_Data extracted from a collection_
Content starts

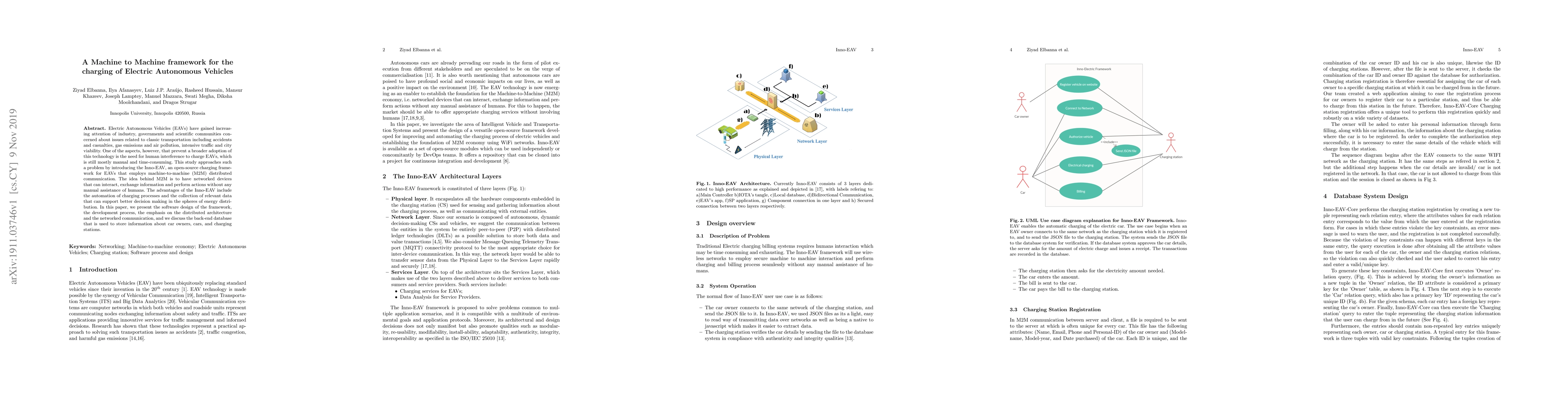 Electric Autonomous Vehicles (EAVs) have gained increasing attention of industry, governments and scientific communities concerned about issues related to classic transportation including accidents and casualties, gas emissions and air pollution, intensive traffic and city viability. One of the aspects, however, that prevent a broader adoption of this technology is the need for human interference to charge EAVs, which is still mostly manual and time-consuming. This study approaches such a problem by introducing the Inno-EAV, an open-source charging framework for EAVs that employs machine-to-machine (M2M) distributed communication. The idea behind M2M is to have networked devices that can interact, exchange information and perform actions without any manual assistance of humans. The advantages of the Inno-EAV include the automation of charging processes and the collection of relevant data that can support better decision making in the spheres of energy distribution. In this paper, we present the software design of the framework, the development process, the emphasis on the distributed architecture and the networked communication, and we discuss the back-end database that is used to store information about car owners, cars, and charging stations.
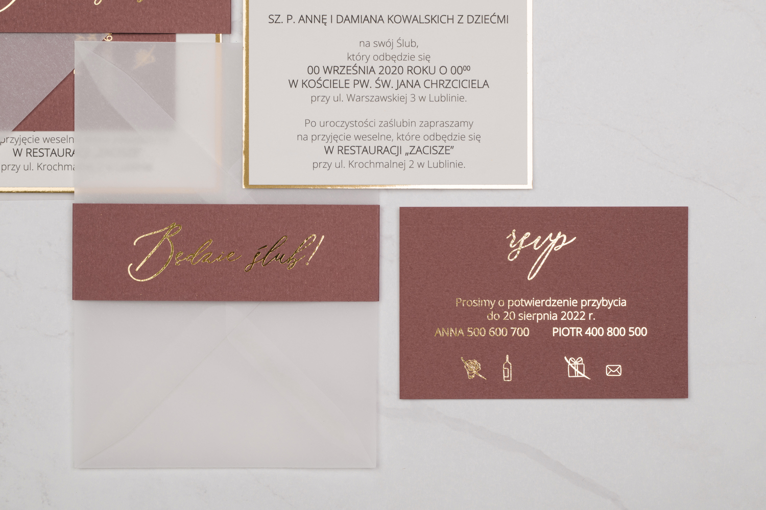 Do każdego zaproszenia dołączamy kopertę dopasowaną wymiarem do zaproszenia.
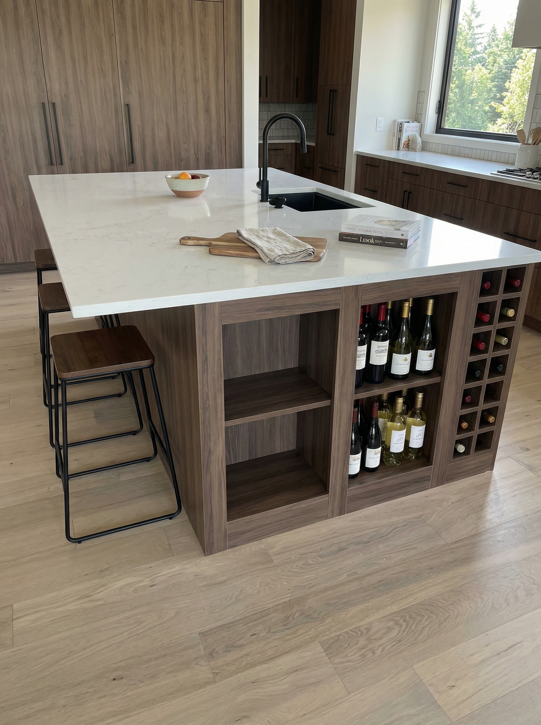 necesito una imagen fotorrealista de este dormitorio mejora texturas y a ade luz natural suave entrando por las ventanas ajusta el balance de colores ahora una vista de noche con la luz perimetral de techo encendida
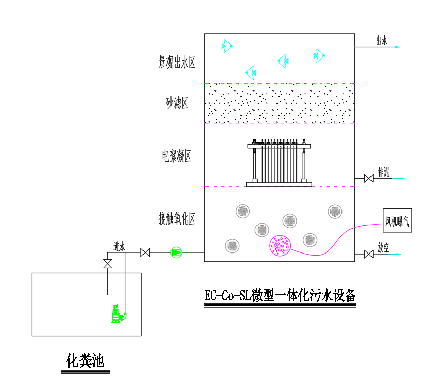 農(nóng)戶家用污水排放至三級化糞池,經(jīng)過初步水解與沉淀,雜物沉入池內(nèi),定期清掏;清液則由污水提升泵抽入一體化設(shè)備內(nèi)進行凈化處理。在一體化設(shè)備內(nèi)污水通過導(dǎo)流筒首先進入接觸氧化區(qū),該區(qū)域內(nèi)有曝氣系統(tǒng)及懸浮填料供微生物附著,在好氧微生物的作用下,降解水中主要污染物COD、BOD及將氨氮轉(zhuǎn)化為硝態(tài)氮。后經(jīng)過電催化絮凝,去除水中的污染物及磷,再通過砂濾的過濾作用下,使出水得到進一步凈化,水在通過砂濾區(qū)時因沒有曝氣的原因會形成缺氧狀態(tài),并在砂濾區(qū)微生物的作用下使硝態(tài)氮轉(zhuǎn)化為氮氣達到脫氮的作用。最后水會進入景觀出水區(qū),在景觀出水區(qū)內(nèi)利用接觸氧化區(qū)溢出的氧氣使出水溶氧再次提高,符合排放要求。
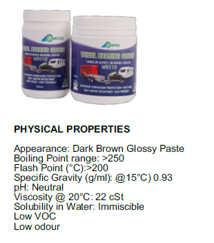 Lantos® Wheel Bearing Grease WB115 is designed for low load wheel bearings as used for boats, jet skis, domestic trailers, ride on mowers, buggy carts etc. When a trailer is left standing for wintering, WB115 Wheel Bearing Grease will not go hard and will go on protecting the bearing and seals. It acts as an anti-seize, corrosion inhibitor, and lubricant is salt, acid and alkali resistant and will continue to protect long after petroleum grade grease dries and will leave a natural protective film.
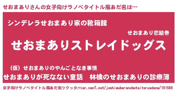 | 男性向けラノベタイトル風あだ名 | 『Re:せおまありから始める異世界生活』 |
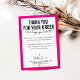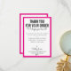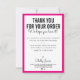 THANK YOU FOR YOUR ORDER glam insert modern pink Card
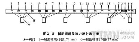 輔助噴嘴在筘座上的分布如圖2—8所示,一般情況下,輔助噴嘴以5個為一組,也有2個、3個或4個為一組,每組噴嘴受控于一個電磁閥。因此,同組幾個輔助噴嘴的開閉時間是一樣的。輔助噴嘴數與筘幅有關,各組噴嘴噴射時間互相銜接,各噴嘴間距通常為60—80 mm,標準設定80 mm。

Content ends

_WHAT IS BEING ASKED_
Leave out the pictures and give the rest of the records again exactly.

_EXERCISE ANSWER_
 Electric Autonomous Vehicles (EAVs) have gained increasing attention of industry, governments and scientific communities concerned about issues related to classic transportation including accidents and casualties, gas emissions and air pollution, intensive traffic and city viability. One of the aspects, however, that prevent a broader adoption of this technology is the need for human interference to charge EAVs, which is still mostly manual and time-consuming. This study approaches such a problem by introducing the Inno-EAV, an open-source charging framework for EAVs that employs machine-to-machine (M2M) distributed communication. The idea behind M2M is to have networked devices that can interact, exchange information and perform actions without any manual assistance of humans. The advantages of the Inno-EAV include the automation of charging processes and the collection of relevant data that can support better decision making in the spheres of energy distribution. In this paper, we present the software design of the framework, the development process, the emphasis on the distributed architecture and the networked communication, and we discuss the back-end database that is used to store information about car owners, cars, and charging stations.
 Do każdego zaproszenia dołączamy kopertę dopasowaną wymiarem do zaproszenia.
 necesito una imagen fotorrealista de este dormitorio mejora texturas y a ade luz natural suave entrando por las ventanas ajusta el balance de colores ahora una vista de noche con la luz perimetral de techo encendida
 農(nóng)戶家用污水排放至三級化糞池,經(jīng)過初步水解與沉淀,雜物沉入池內(nèi),定期清掏;清液則由污水提升泵抽入一體化設(shè)備內(nèi)進行凈化處理。在一體化設(shè)備內(nèi)污水通過導(dǎo)流筒首先進入接觸氧化區(qū),該區(qū)域內(nèi)有曝氣系統(tǒng)及懸浮填料供微生物附著,在好氧微生物的作用下,降解水中主要污染物COD、BOD及將氨氮轉(zhuǎn)化為硝態(tài)氮。后經(jīng)過電催化絮凝,去除水中的污染物及磷,再通過砂濾的過濾作用下,使出水得到進一步凈化,水在通過砂濾區(qū)時因沒有曝氣的原因會形成缺氧狀態(tài),并在砂濾區(qū)微生物的作用下使硝態(tài)氮轉(zhuǎn)化為氮氣達到脫氮的作用。最后水會進入景觀出水區(qū),在景觀出水區(qū)內(nèi)利用接觸氧化區(qū)溢出的氧氣使出水溶氧再次提高,符合排放要求。
 Lantos® Wheel Bearing Grease WB115 is designed for low load wheel bearings as used for boats, jet skis, domestic trailers, ride on mowers, buggy carts etc. When a trailer is left standing for wintering, WB115 Wheel Bearing Grease will not go hard and will go on protecting the bearing and seals. It acts as an anti-seize, corrosion inhibitor, and lubricant is salt, acid and alkali resistant and will continue to protect long after petroleum grade grease dries and will leave a natural protective film.
 | 男性向けラノベタイトル風あだ名 | 『Re:せおまありから始める異世界生活』 |
 THANK YOU FOR YOUR ORDER glam insert modern pink Card
 輔助噴嘴在筘座上的分布如圖2—8所示,一般情況下,輔助噴嘴以5個為一組,也有2個、3個或4個為一組,每組噴嘴受控于一個電磁閥。因此,同組幾個輔助噴嘴的開閉時間是一樣的。輔助噴嘴數與筘幅有關,各組噴嘴噴射時間互相銜接,各噴嘴間距通常為60—80 mm,標準設定80 mm。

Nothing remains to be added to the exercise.